Note from the Editor

Winter of '93-94  (Albuquerque, NM):

To say that I didn't like my job is an understatement.

I was a restaurant manager in the northeast heights and worked for a man who's management style bordered on dictatorial.  So I worked--a lot.

Brian E. Scott was one of my bartenders, and John Dunkin was my daily Gin & Tonic drinking regular.

As Brian and I worked and John drank, we talked.   I still hung on to my ambitions:   a writer, magazine editor, budding novelist.   Brian wrote too, and John, an engineer at Sandia Labs, always wanted to do more.  So we launched Signature:  Writing of the New West--basically meeting on the shifts that Brian and I worked together.

None of us knew what we were doing, but we hatched the plan:  create a flyer and send it to the various colleges (in the Rocky Mountains and southwest) asking for submissions, collect submissions, publish a magazine.   

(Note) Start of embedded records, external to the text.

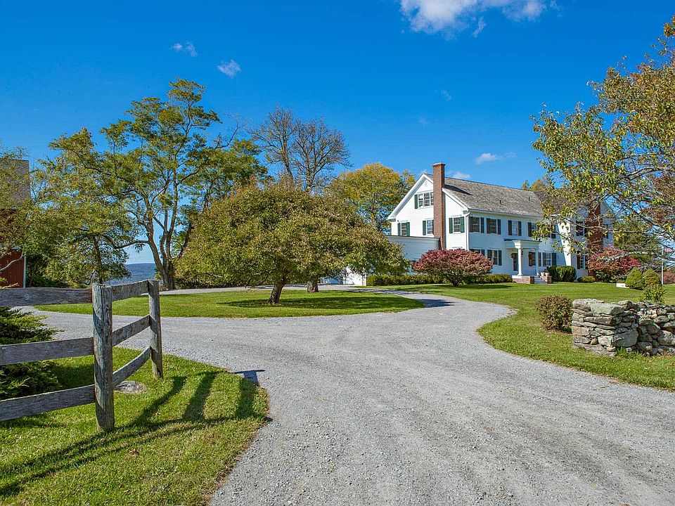 Privately situated at the top of esteemed and elegant Quaker Hill, Fieldcrest, is a beautiful treasure. Situated on a breathtaking hilltop meadow, this house and property enjoys vast views of open fields and western mountains. Expanding spaciously from a central hallway into high-ceilinged, light-infused rooms, Fieldcrest's gracious proportions give it a feeling of both elegance and welcome. And there is not a window without a beautiful or heart-stopping view. The most breathtaking are to the west and reach as far as the Catskills. A sunporch on that side is surrounded by floor to ceiling windows and opens to a wrap-around porch with both covered and uncovered sections. Spectacular sunsets captivate. With wide, sable-brown floorboards, generously sized windows, five fireplaces with historic mantelpieces, this house seems steeped in history, though modern systems are throughout. The main staircase is generously proportioned, as are the halls throughout the house. The upstairs landing has its own view, and a large space for reading, a desk, or game table. Two enormous en suite masters each with fireplace, and beautiful views of surrounding pastures and western mountains. A guest and family wing includes three bedrooms and two baths all with beautiful vistas. Paneled library, handsome study with fireplace and a dry bar adjacent to the lovely living room with fireplace add character and convenience. A very generous dining room with fireplace completes the first floor. Below, the ground floor provides a vast storage space of spacious rooms, some with their own extraordinary views, including a yoga room, a huge convertible space for family or guests, or a stunning office with handsome brick patio over western views. Additionally, large finished rooms exists in the property's barn near the tennis court. All make Fieldcrest the perfect retreat and ideal for family gatherings and visiting guests. Proximity to Metro North as well as to the charming village of Pawling position Fieldcrest perfectly in one of the most beautiful, convenient, and coveted Hudson Valley locations. 24 to 48 hour notice for accompanied showings.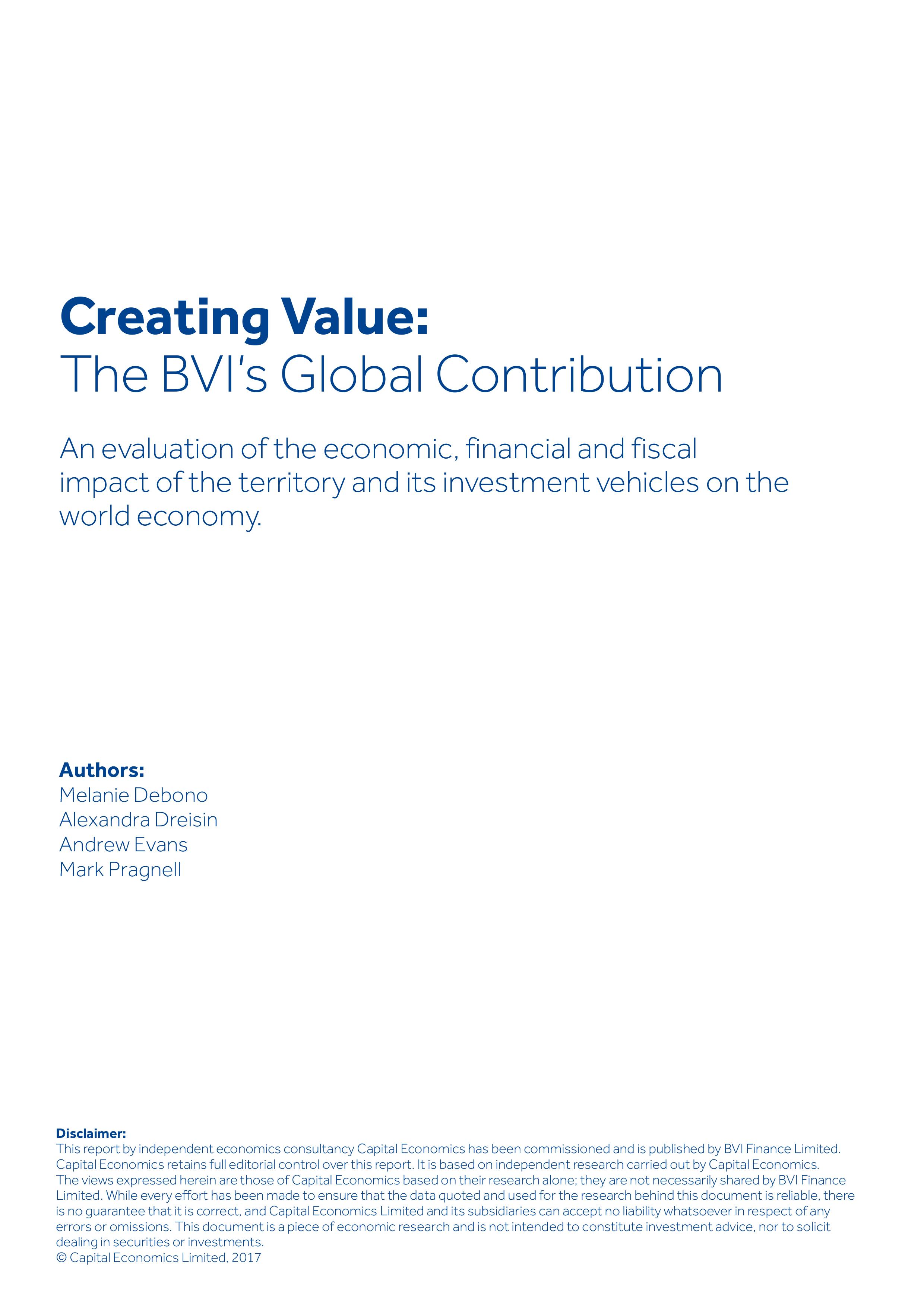 Capital Economics has been commissioned by BVI Finance Limited to research and report upon the contribution made by the British Virgin Islands to the global economy.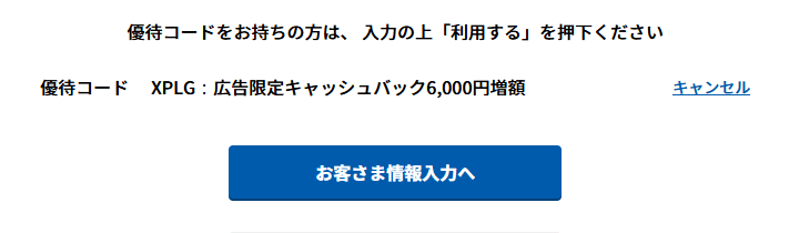 優待コードの入力忘れだけで、6,000円のキャッシュバックが少なくなります…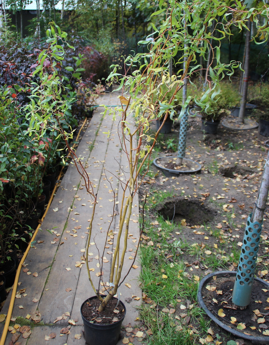 Веточки раскидистые, тонкие, изящные, в молодости очень ломкие, с неповторимыми искривлениями и изгибами, часто — спиралевидной закрученностью, за которую растение и получило прозвища извилистой и штопорной ивы. Интересная бороздчатая кора ствола серая, издалека кажется почти черной, а вот на ветках — ярко-желтовато-коричневая и гладкая, с возрастом краснеет и темнеет.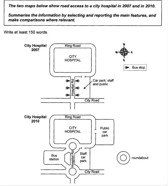 In 2010, a visitor could take basically the same pathway [描述了两个图之间的关系], despite the few major developments in front of the hospital building. A visitor, going north, would need to pass the roundabout to go on Hospital Road and see a bus station on the left as the replacement of the bus stops, and the car park on the right became only for the staff’s vehicles. Going down the road, there was another roundabout whose eastern exit, on Ring Road, led to the public car park on the east side of the hospital building. [写出“路线感”]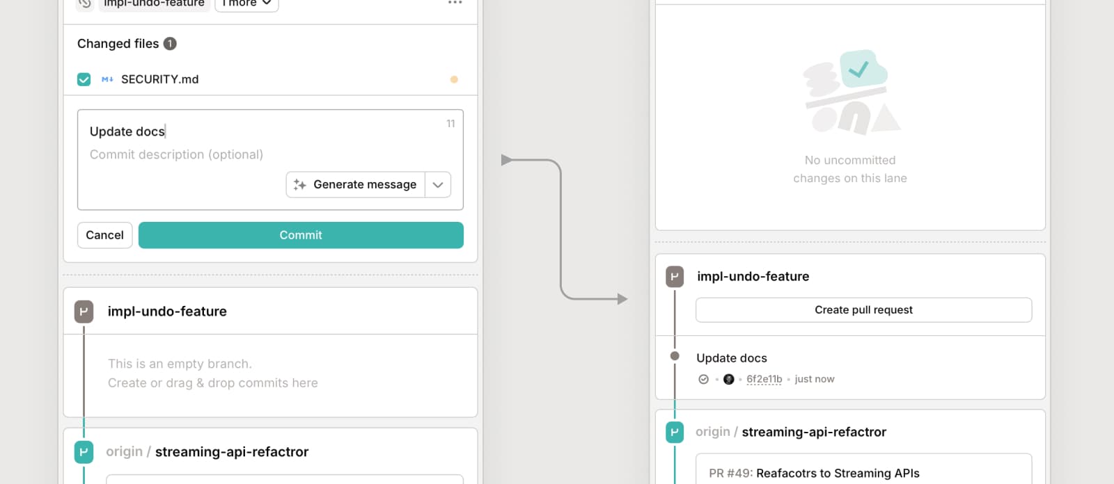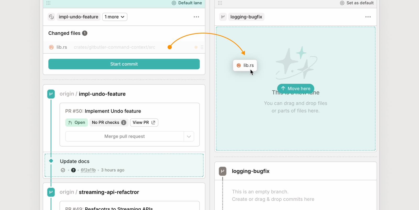 1. If a change in your stack is independent (e.g. an unrelated bugfix) it can be moved to a different virtual branch (or stack). This works for both uncommitted changes and existing commits that you may want to relocate.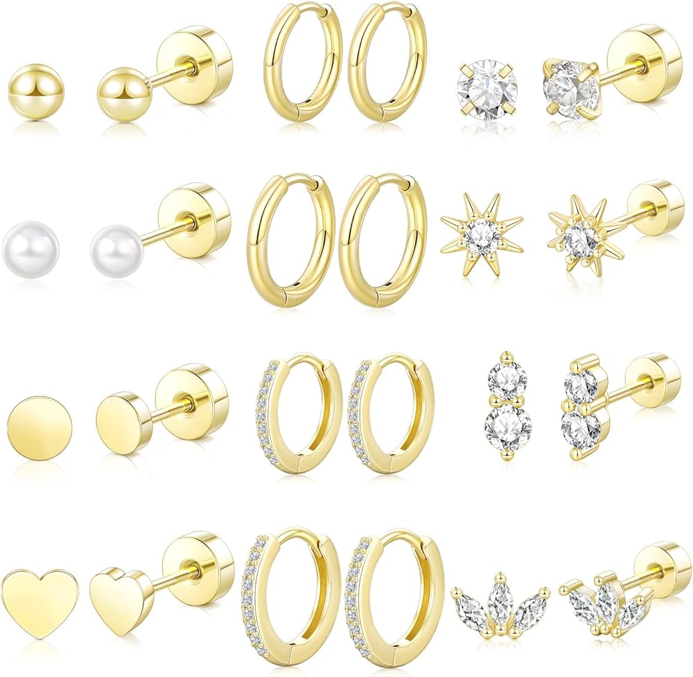 مجموعات القرط لأحجام ثقب متعددة: المقياس هو 20 جرام (0.8 مم) ، طول ما بعد 7 ملم ، حجم الظهر المسطح هو 5 مم. الكرة/CZ/Pearl/DOT/IS 3MM. القلب 4 مم. النجم هو 7x7mm. الأوراق 6x9mm. 2CS هو 5x8mm. الأطواق القطر الداخلي: 8mm/10mm. سواء كنت تبحث عن مجموعة مسمار أنيقة أو بعض أطواق Bling Huggie ، فإن مجموعة الأقراط الذهبية هذه ستناسب الفاتورة.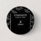 Celebrate your graduate with custom black and white buttons. Featuring the text, "Congrats! Class of 2025." It has a classic black background with an inspirational Adventure Awaits arrow pattern. Also, your desired monogram and name is displayed. Use the template to personalize.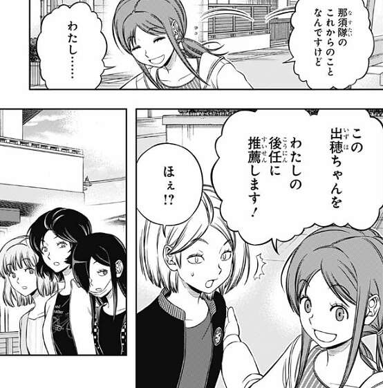 日浦から、出穂ちゃんは絶対強くなりますよ!当真先輩もそう言ってたし、と夏目を推しますが、夏目本人はただのC級っすよ!?と遠慮します。しかし、日浦から意見を聞かれた雨取も夏目に出来ると思うと言い、他の那須隊も夏目を歓迎します。夏目も照れながら、B級に上がれたらお願いします、と言い夏目は那須隊に内定します。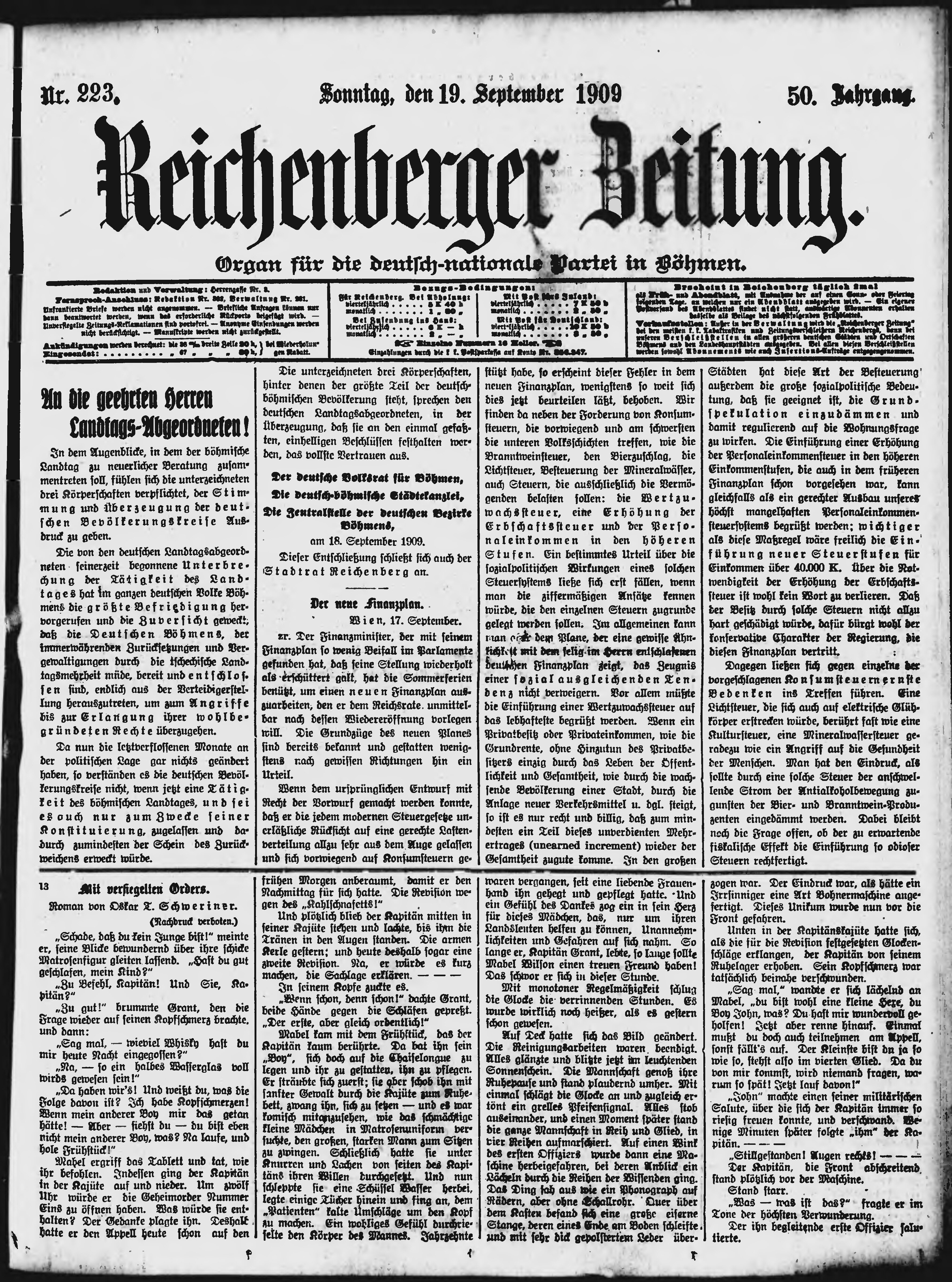 * Datum vydání výtisku: 19.9.1909 Číslo výtisku: 223 Poznámky k výtisku: s. 20 - 21 není k dispozici;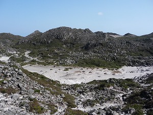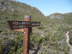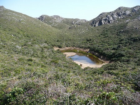 この池が千代池(せんだいいけ)です。それにしても、池はもちろんのことですがその奥にある山のごつごつした感じを見ていると、まるで「ここはどこ?南アルプスの南部のどこか?」と錯覚してしまうほどです(Takemaだけかも知れませんが)。少なくともここが外周たった22kmの島の中だとは思えません。何だか「神々の遊ぶ高天原(たかまがはら)」といった世界ですね。このあたりは風もさほど吹かず(山肌を吹き上がった風はそのまま天空に巻き上げられてしまい台地には直接入り込まない)おだやかな気候なのか、周囲には樹木が生い茂っています。さーてそれでは池に向かって降りていきましょう。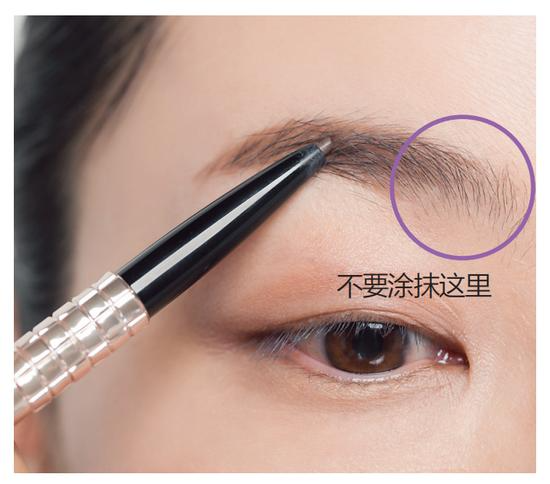 2.从眉毛下部开始描画,就不容易画出平坦的老气眉毛了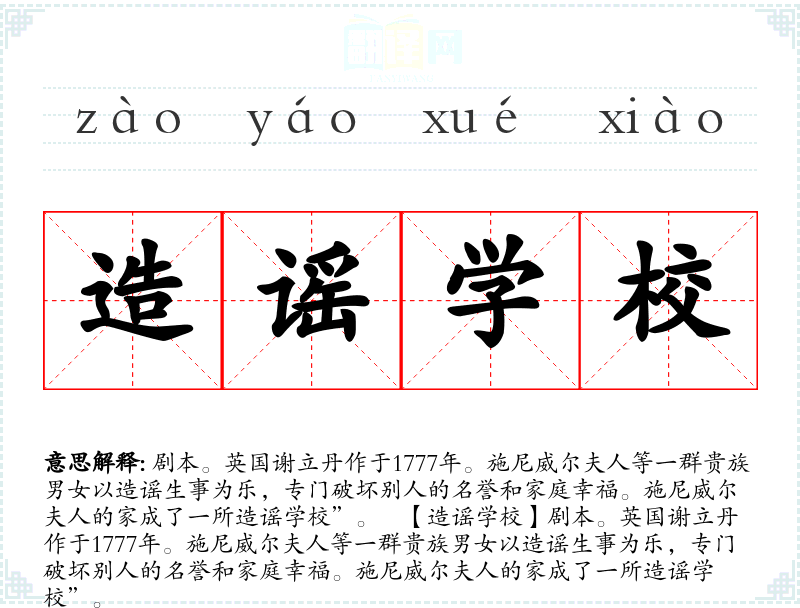 1.剧本。英国谢立丹作于1777年。施尼威尔夫人等一群贵族男女以造谣生事为乐,专门破坏别人的名誉和家庭幸福。施尼威尔夫人的家成了一所造谣学校”。 【造谣学校】剧本。英国谢立丹作于1777年。施尼威尔夫人等一群贵族男女以造谣生事为乐,专门破坏别人的名誉和家庭幸福。施尼威尔夫人的家成了一所造谣学校”。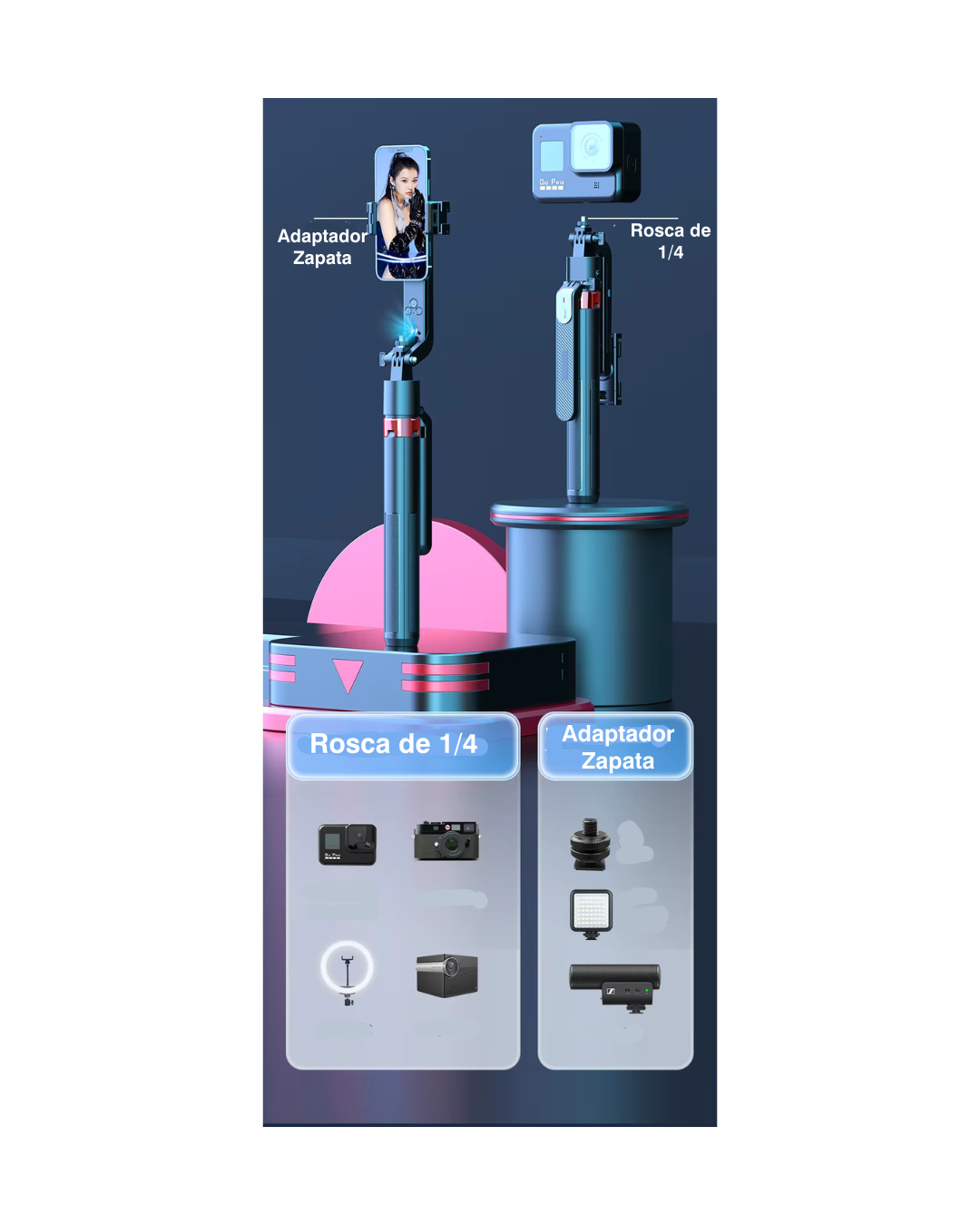Función 3 en 1 – Úsalo como selfie stick, trípode o con el control remoto Bluetooth para tomas a distancia.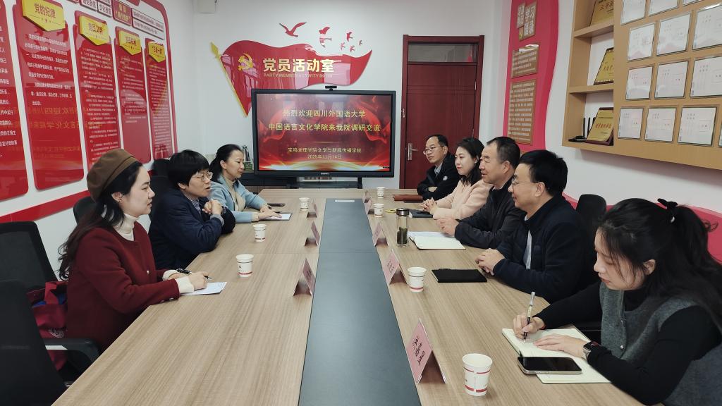 11月14日上午,四川外国语大学中国语言文化学院党总支书记薛红等3人来beat365文学与新闻传播学院交流座谈。座谈会在高新校区博文楼702室举行,文学与新闻传播学院党委书记张红亮主持座谈会。

After struggling to get submissions, we finally collected enough for our first issue and went to press:  100 issues at probably $2.00 an issue for production and sold at $3.00.   None of us had a lot of money to publish a literary magazine nor did we want to dump very much money into it.   We did love writing, but was there a market for it?   Turns out that there wasn't much of one.

The magazine landed with a horrendous thud.   Since I, literally, worked all the time, I didn't have a chance to push it at the various open mikes that were springing up in ABQ.  Brian was still in school trying to finish up his degree and cultivating a dangerous habit.   John had a family and spent his free time drinking in my bar.

Eventually I quit managing restaurants; Brian moved on to UNM; and John died.  My ambitions of being a literary magazine editor, for the most part, died as well.   My lone copy of the magazine languished in a filing cabinet until I pulled it out the other day.   And, while the production standards were a bit on the cheap side, the writing held up remarkably well.


Then I thought, what if I published a 2nd issue, but did it online?   What would it look like today?